Exercise directions>
Pictures in the records below must be left out. Return exactly the lines from the line with "Gayo Daejun', the" to the line with "Dåsebeslag til IBP", both included.

Records for this task>

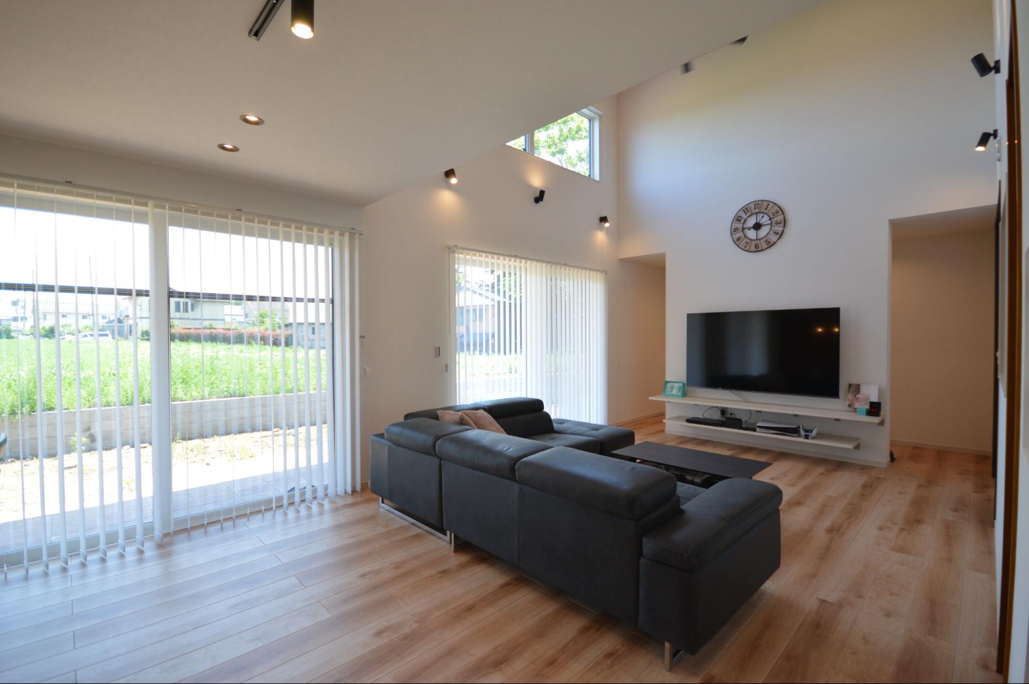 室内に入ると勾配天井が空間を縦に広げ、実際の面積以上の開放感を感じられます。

--

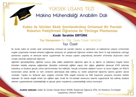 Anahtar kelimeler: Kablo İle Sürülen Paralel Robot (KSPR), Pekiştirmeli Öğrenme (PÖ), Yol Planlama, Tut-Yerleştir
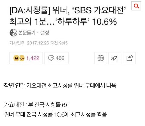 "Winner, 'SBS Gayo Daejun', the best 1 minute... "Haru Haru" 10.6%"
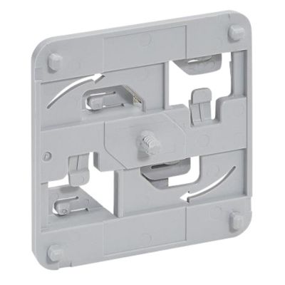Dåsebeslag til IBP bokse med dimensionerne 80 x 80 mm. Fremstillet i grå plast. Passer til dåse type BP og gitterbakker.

Answer space>
 "Winner, 'SBS Gayo Daejun', the best 1 minute... "Haru Haru" 10.6%"
Dåsebeslag til IBP bokse med dimensionerne 80 x 80 mm. Fremstillet i grå plast. Passer til dåse type BP og gitterbakker.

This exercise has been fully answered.